Data section —

###

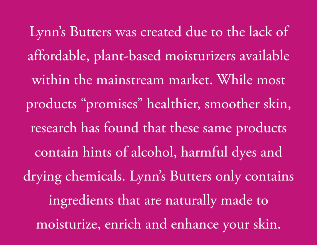 With you, my customers, I can visualize huge growth and opportunities. I will continue to evolve, grow and expose my products to individuals that would love to see their skin be the healthiest, softest and well-hydrated it can be.
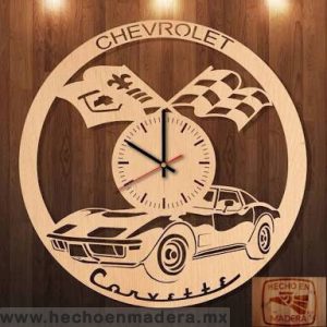 HEM-REL-1436 Reloj Corte Laser Vehiculos Corvette Auto y Nombre 1436
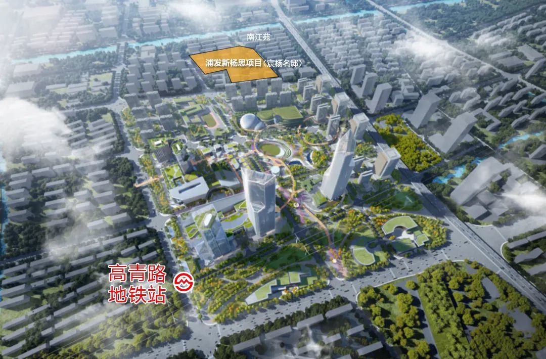 宸杨名邸北侧和东侧被老公房南江苑包围,西侧是规划中的住宅地块,项目距离6号线高青路站步行约1.2公里。
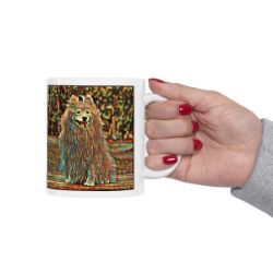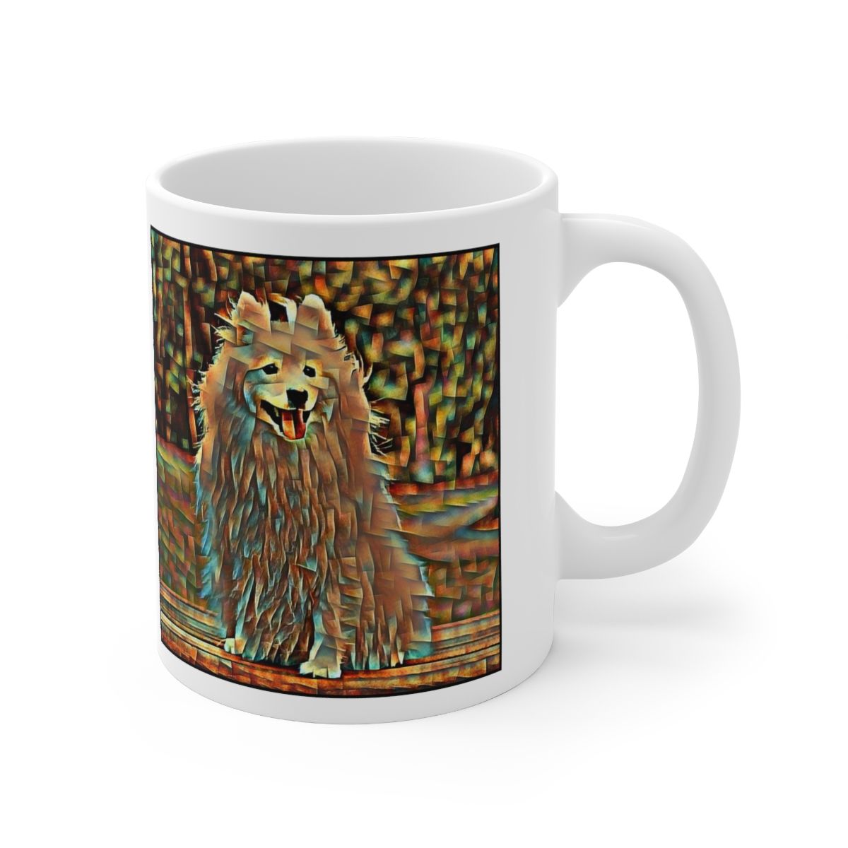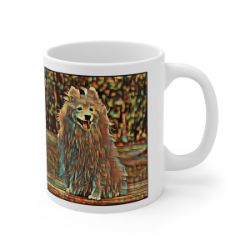 Keep cozy and warm with a nice cuppa, featuring the beloved Japanese Spitz dog breed stylized in our Coloromo Cool Cubist art on a ceramic mug. Lead and BPA-free, these durable mugs are also microwave & dishwasher-safe. Made of white, resilient ceramic in an 11-ounce size, this is the perfect gift for coffee, tea, and hot chocolate lovers.

###

Assignment —
Transcribe the lines above exactly, beginning at the one with "HEM-REL-1436 Reloj Corte" and ending at the one with "宸杨名邸北侧和东侧被老公房南". Include both; exclude the pictures.

Result below —
 HEM-REL-1436 Reloj Corte Laser Vehiculos Corvette Auto y Nombre 1436
 宸杨名邸北侧和东侧被老公房南江苑包围,西侧是规划中的住宅地块,项目距离6号线高青路站步行约1.2公里。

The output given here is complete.